Task brief: Restate word for word the lines below from the one that has "Juodos ir smėlio" through the one that has "Soft and stretchy", keeping both and dropping all pictures.

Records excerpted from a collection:
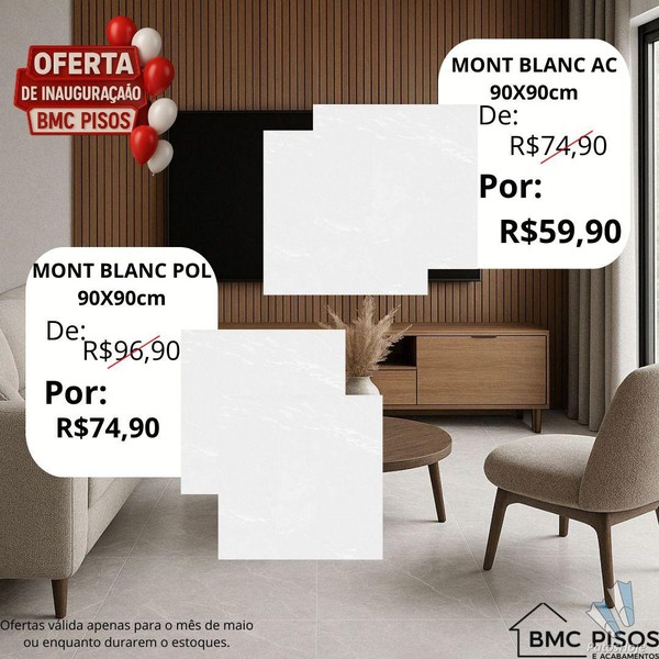 E para celebrar sua chegada, a BMC preparou ofertas especiais de inauguração que você não pode perder! Aproveite este mês para garantir piso de base vermelha a partir de R$ 19,90 e porcelanatos com preços a partir de R$ 52,90. Uma oportunidade única para elevar o nível dos seus projetos sem pesar no seu bolso.
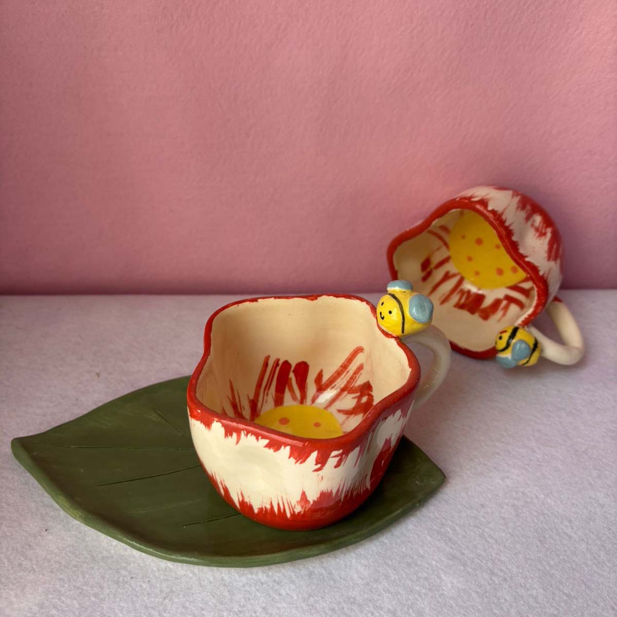 Tasse à café avec sous tasse esprit vintage motif : Fleur et nahoula, en céramique artisanale fait main
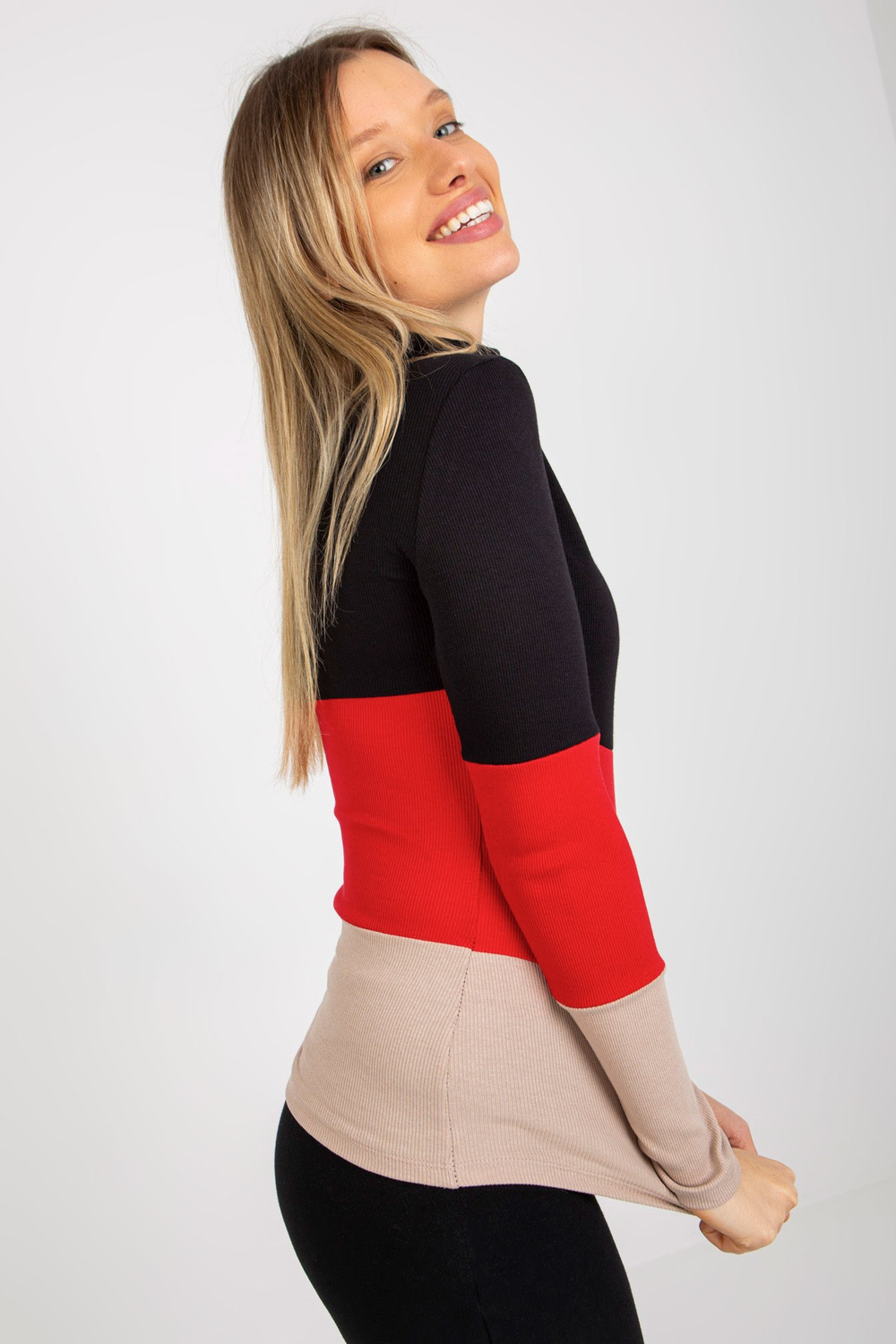 Juodos ir smėlio spalvos moteriška bazinė palaidinė su briaunomis.
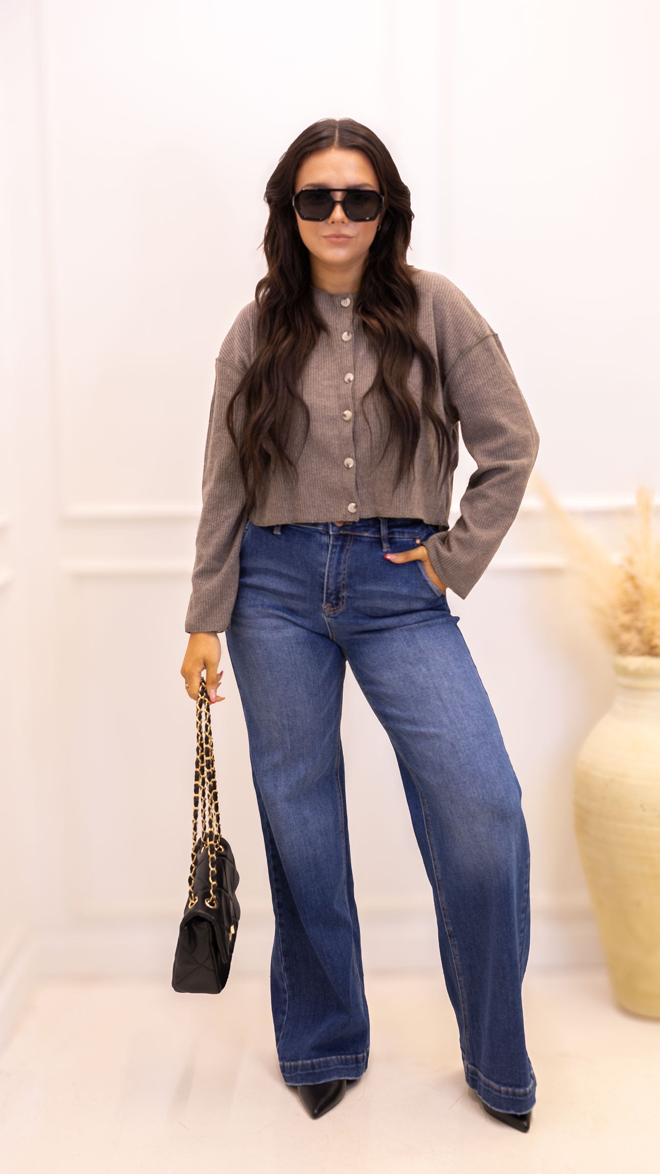 Soft and stretchy ribbed knit cardigan in a warm latte brown shade. Designed with a boxy, relaxed fit and full button-up front, this piece layers effortlessly over your favorite tanks or tees. The long sleeves and lightweight stretch make it perfect for cozy yet polished everyday styling.
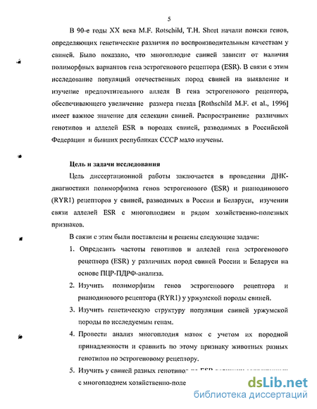 5 В 90-е годы XX века M.F. Rotschild, Т.Н. Short начали поиски генов, определяющих генетические различия по воспроизводительным качествам у свиней. Было показано, что многоплодие свиней зависит от наличия полиморфных вариантов гена эстрогенового рецептора (ESR). В связи с этим исследование популяций отечественных пород свиней на выявление и изучение предпочтительного аллеля В гена эстрогенового рецептора, обеспечивающего увеличение размера гнезда [Rothschild M.F. et al., 1996] имеет важное значение для селекции свиней. Распространение различных генотипов и аллелей ESR в породах свиней, разводимых в Российской Федерации и бывших республиках СССР мало изучены.

The completed task:
 Juodos ir smėlio spalvos moteriška bazinė palaidinė su briaunomis.
 Soft and stretchy ribbed knit cardigan in a warm latte brown shade. Designed with a boxy, relaxed fit and full button-up front, this piece layers effortlessly over your favorite tanks or tees. The long sleeves and lightweight stretch make it perfect for cozy yet polished everyday styling.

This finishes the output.